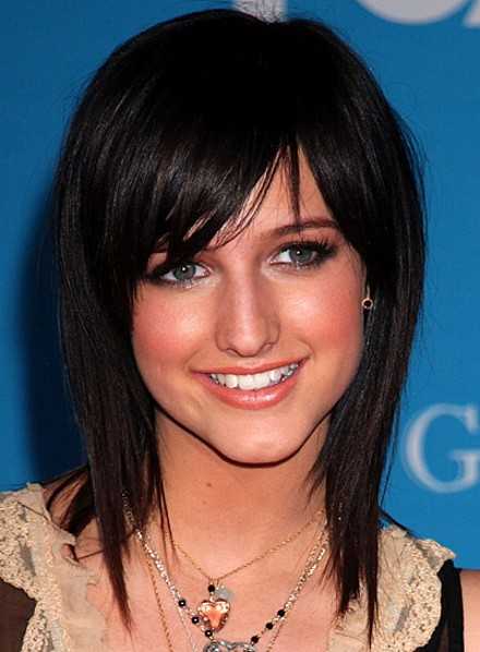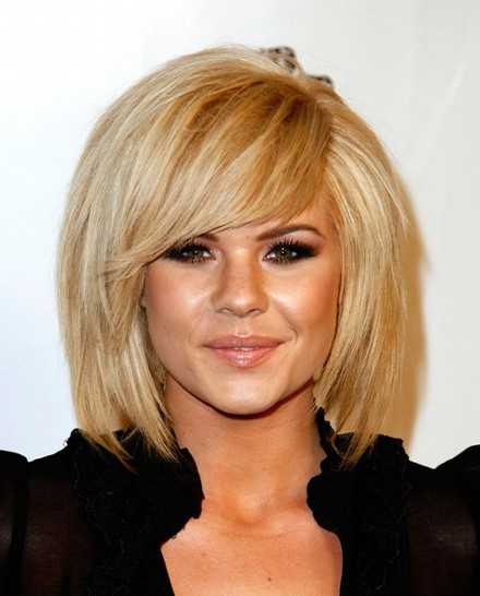 Удлиненная челка на бок или на две стороны удлиняет лицо, скрывает асимметрию. Смотрится на круглом лице. Из стрижек ей подходит легкий каскад либо слоистые варианты, которые выполняют на густых или тонких волосах для создания эффекта объема и легкой небрежности.
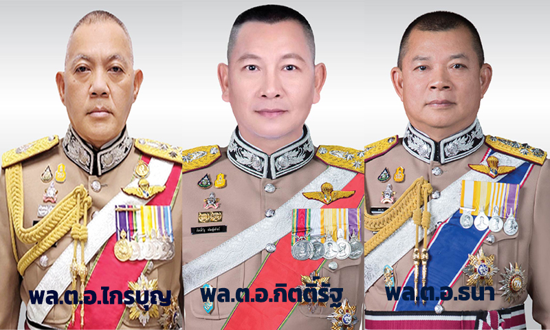พล.ต.อ.ไกรบุญ ทรวดทรง จเรตำรวจ-พล.ต.อ.กิตติ์รัฐ พันธุ์เพ็ชร์ รอง ผบ.ตร.-พล.ต.อ.ธนา ชูวงศ์ รอง ผบ.ตร. (ที่มาภาพ : สำนักงานตำรวจแห่งชาติ https://www.royalthaipolice.go.th/index.php)
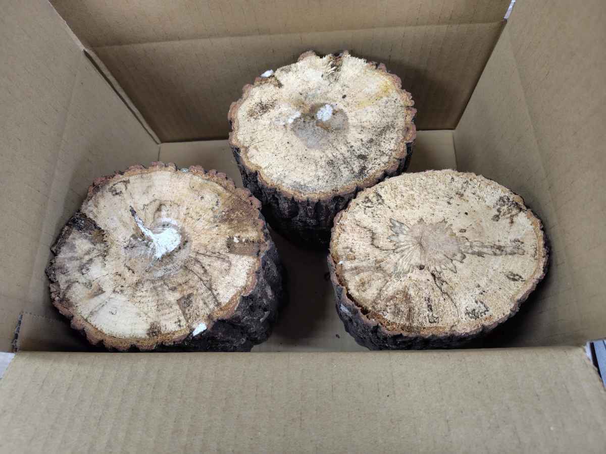 商品発送時は、材の中のしいたけ菌は生きていますが、ホダ木をカットした後ですので、長期間保管すると、しいたけ菌が死ぬ場合があります。
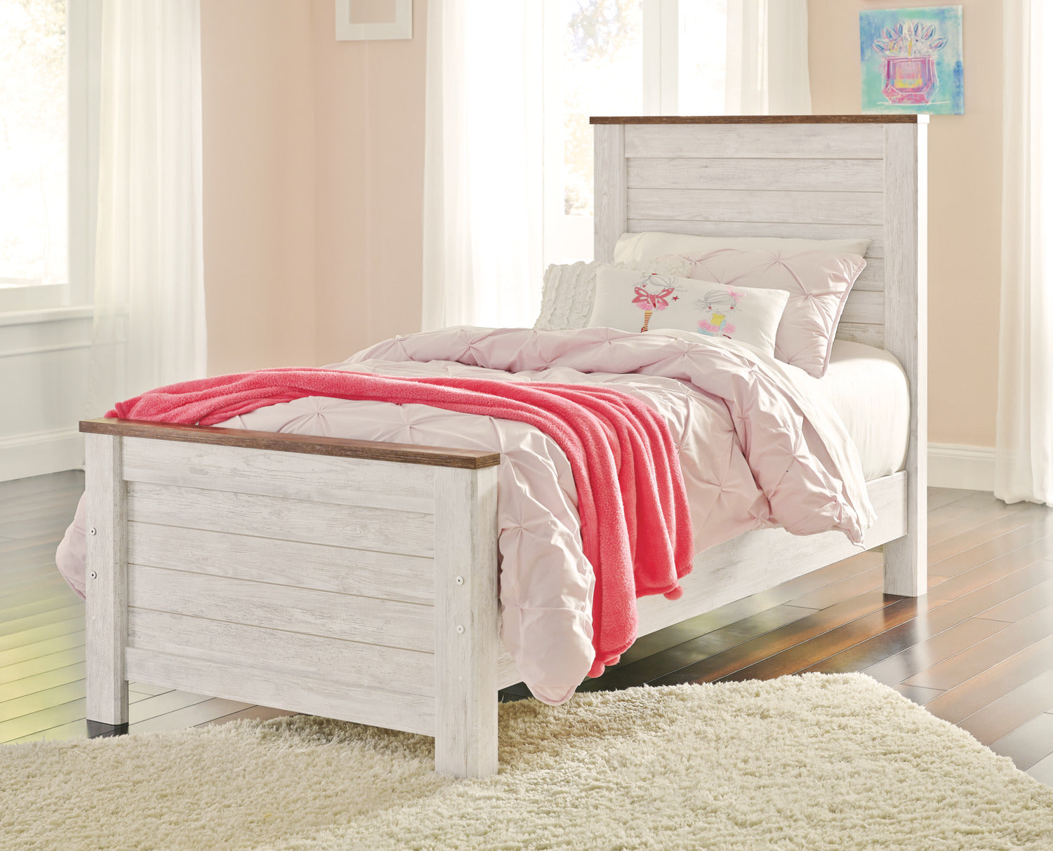 Take a trip to cottage country with this Willowton twin bed. That slowed-down, small town feeling is beautifully characterized through the whitewash finish and beaded frame. Through the uneven coating and rustic planks, you'll be able to spot the unique character of the woodgrain, providing you with a quaint, familiar look that has been stylish through the ages. The matching headboard and footboard add lovely lines and a two-toned look to this simple design. Altogether, you get a stylish bed that offers you a cozy retreat at the end of each day.
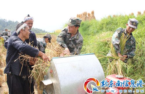 針對當前農村青壯年外出較多、大多數家庭嚴重缺乏勞動力的實際,從江縣人武部積極發揮民兵突擊隊、主力軍的優勢,利用晴好天氣,組織民兵秋收服務隊深入田間地頭,幫助軍烈屬和缺乏勞動力的苗侗群眾搶抓晴好天氣搶收稻谷,得到廣大苗侗人民的高度贊揚。
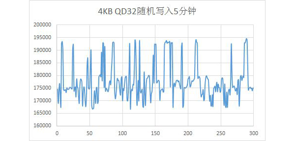 使用Iometer测读写试软件对这款SSD进行五分钟的4KB QD32的随机写入测试,从测试结果可以看到每秒的写入次数波动性比较大,主要集中在170-195K次。
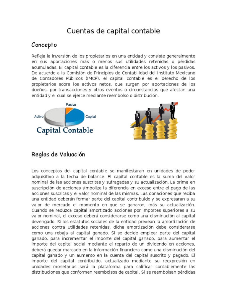 acumuladas. El capital contable es la diferencia entre los activos y los pasivos.
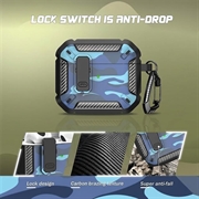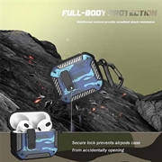 Funda de TPU a prueba de golpes con diseño de camuflaje y mosquetón para AirPods 4, compatible con la carga inalámbrica
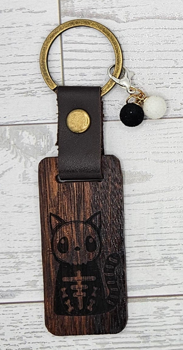 Add a touch of personality to your keys or bag with these handcrafted wooden keychains. Each piece is laser engraved with unique designs—ranging from playful and quirky to inspiring and bold—and paired with a sturdy leather strap and antique brass hardware for a rustic, timeless look.
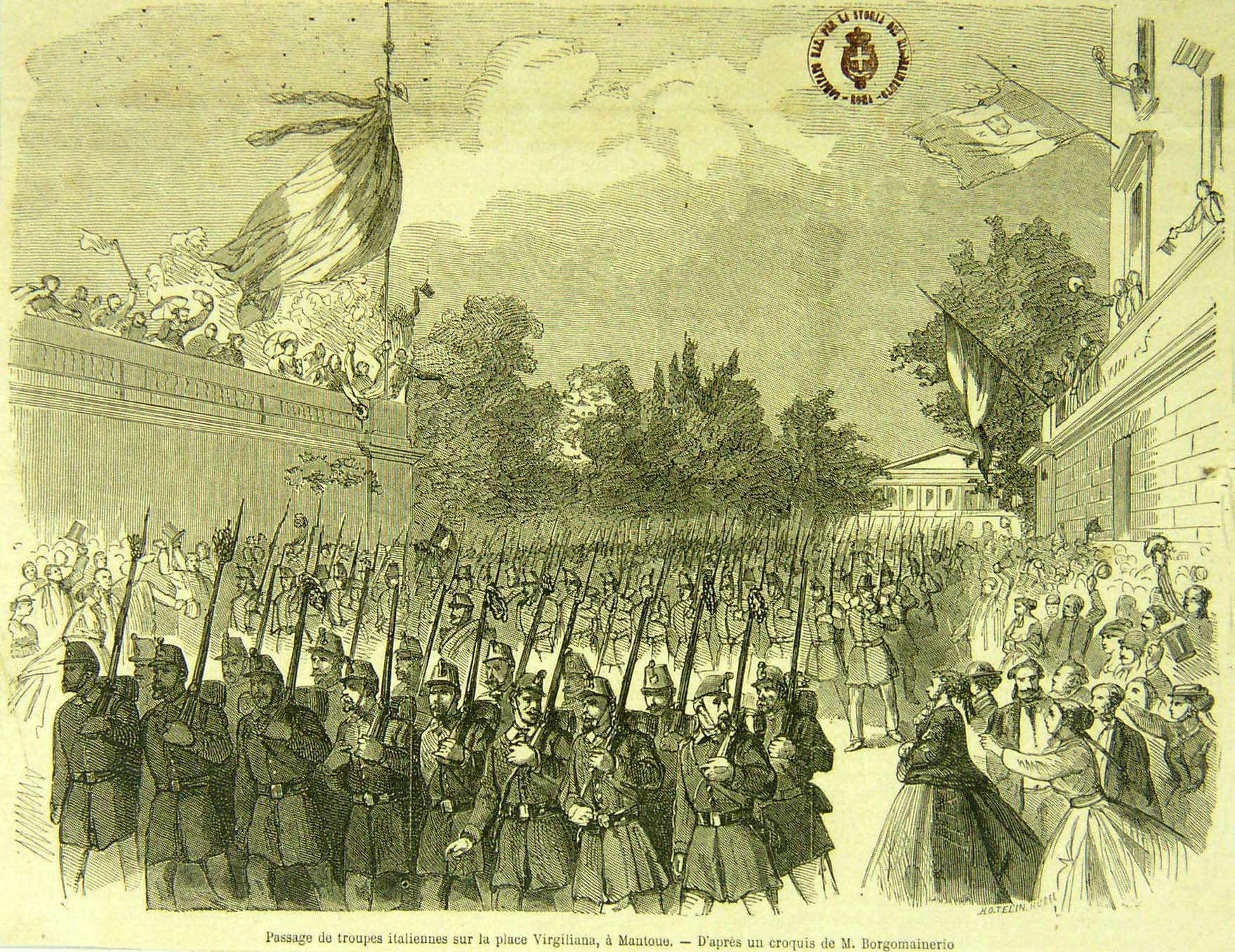 Passage de troupes italiennes sur la place Virgiliana ą Mantoue

What you are asked to do: Leave out every picture, and copy exactly the lines above starting at the one holding "พล.ต.อ.ไกรบุญ ทรวดทรง จเรตำรวจ-พล.ต.อ.กิตติ์รัฐ" and ending at the one holding "使用Iometer测读写试软", no more and no less.

Result of this exercise:
พล.ต.อ.ไกรบุญ ทรวดทรง จเรตำรวจ-พล.ต.อ.กิตติ์รัฐ พันธุ์เพ็ชร์ รอง ผบ.ตร.-พล.ต.อ.ธนา ชูวงศ์ รอง ผบ.ตร. (ที่มาภาพ : สำนักงานตำรวจแห่งชาติ https://www.royalthaipolice.go.th/index.php)
 商品発送時は、材の中のしいたけ菌は生きていますが、ホダ木をカットした後ですので、長期間保管すると、しいたけ菌が死ぬ場合があります。
 Take a trip to cottage country with this Willowton twin bed. That slowed-down, small town feeling is beautifully characterized through the whitewash finish and beaded frame. Through the uneven coating and rustic planks, you'll be able to spot the unique character of the woodgrain, providing you with a quaint, familiar look that has been stylish through the ages. The matching headboard and footboard add lovely lines and a two-toned look to this simple design. Altogether, you get a stylish bed that offers you a cozy retreat at the end of each day.
 針對當前農村青壯年外出較多、大多數家庭嚴重缺乏勞動力的實際,從江縣人武部積極發揮民兵突擊隊、主力軍的優勢,利用晴好天氣,組織民兵秋收服務隊深入田間地頭,幫助軍烈屬和缺乏勞動力的苗侗群眾搶抓晴好天氣搶收稻谷,得到廣大苗侗人民的高度贊揚。
 使用Iometer测读写试软件对这款SSD进行五分钟的4KB QD32的随机写入测试,从测试结果可以看到每秒的写入次数波动性比较大,主要集中在170-195K次。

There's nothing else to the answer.